Когда домработница удалилась, по обыкновению громыхнув дверью в столовой, она беспомощно посмотрела на Сережку.
– Вот видишь, какая она! Значит, завтра мне опять нечего есть. Ведь у нее и так есть выходные, и все равно почти каждую неделю вот так – возьмет и не придет один день. И хоть бы тогда готовила мне накануне… так нет, нарочно ничего не оставит. Даже хлеба не купит…
– А так тебе и надо! – взорвался Сережка. – Так тебе и надо, поняла? И мало тебе еще, подожди вот – пускай она еще с месяц поживет, так ты еще работать на нее станешь!
Вскочив с места, он прошелся по комнате, держа руки в карманах.
– Нашла себе домработницу, нечего сказать! – добавил он, фыркнув от ярости.
– Так что я, по-твоему, должна делать? – жалобно закричала Таня. – Ну что, что?
– Что?

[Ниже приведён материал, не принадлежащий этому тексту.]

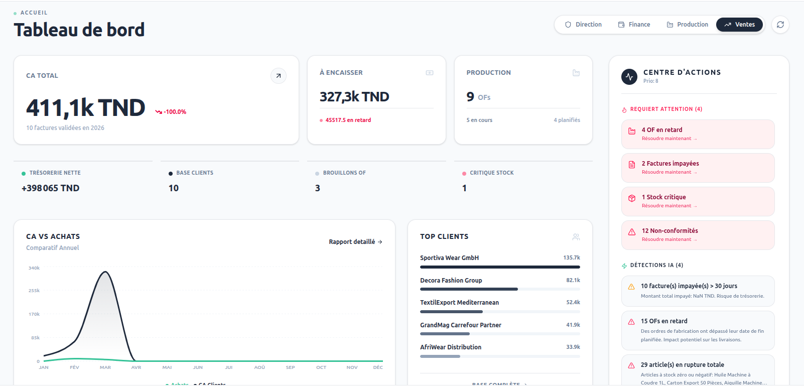 Vue d'ensemble granulaire : Ventes, Achats, Pipeline Client, Objectifs. Reprenez le contrôle complet avec une interface unifiée.

Да очень просто – выгнать ее завтра же к чертовой матери, вот что!!
– Да, выгнать! Попробуй ты ее выгнать! Как я это сделаю?

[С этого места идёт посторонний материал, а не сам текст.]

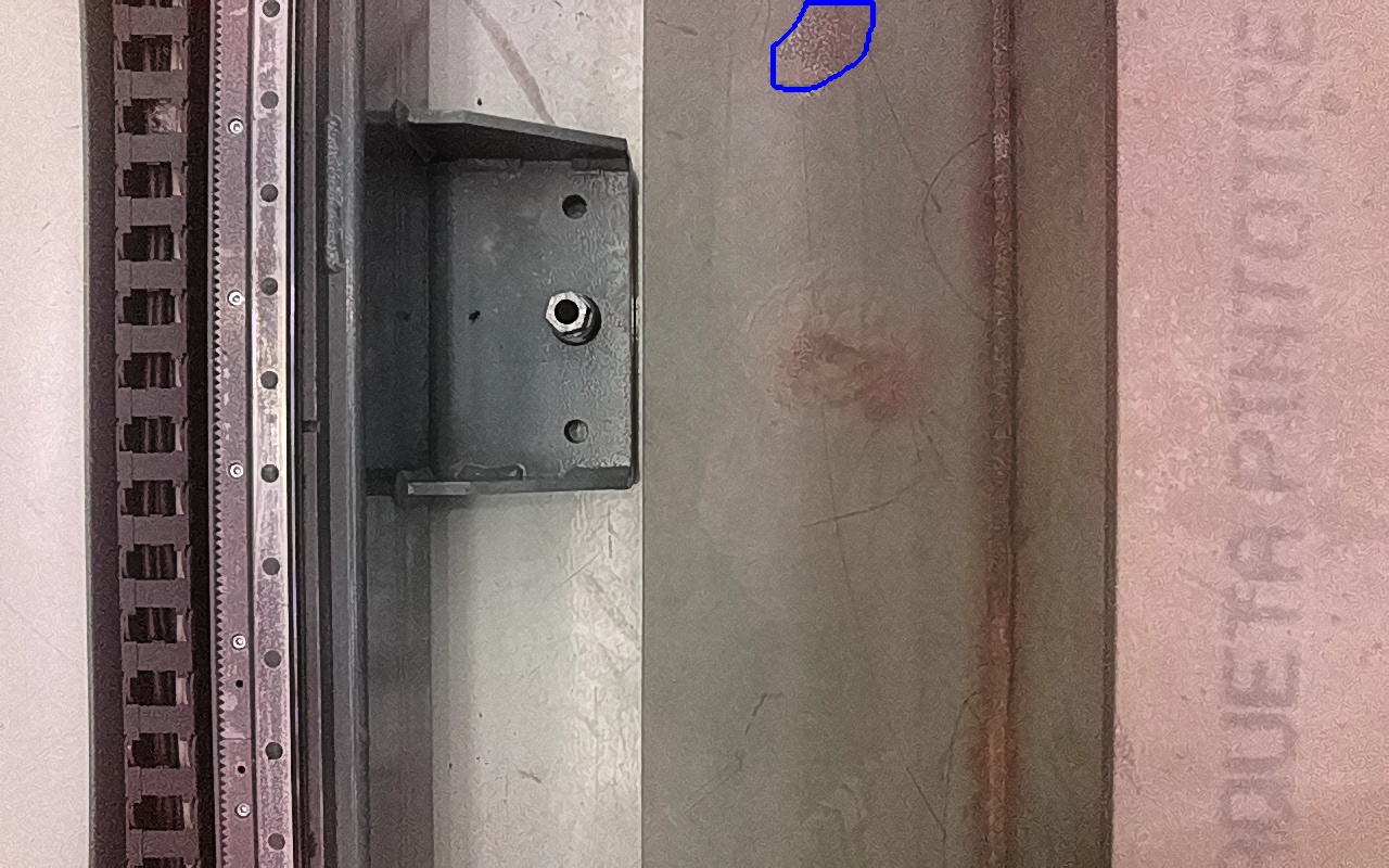 Residuos metálicos adheridos a la superficie, provenientes de operaciones adyacentes de fabricación y montaje. |

– Ну и сиди со своим драконом на шее! А то ты без домработницы прожить не могла, верно? Глядеть на тебя совестно – сама за собой убрать не можешь!
Таня покосилась на него и вздохнула.
– Я могу за собой убрать, – сказала она тихо, виноватым тоном, – я и постель даже свою сама стелю, но готовить я не умею… а кто будет кормить Дядюсашу, когда он приедет?
– А ты думаешь, она будет кормить, да? Так он же ее, сатану, на второй день пристрелит – пусть только она ему подаст такой обед, как тебе сегодня!
Таня опять тихонько вздохнула – на этот раз это был явно вздох сожаления о несбыточной мечте.
– Ну ладно, мне пора, – сказал Сережка и кивнул на раскрытый учебник тригонометрии. – Разобралась теперь?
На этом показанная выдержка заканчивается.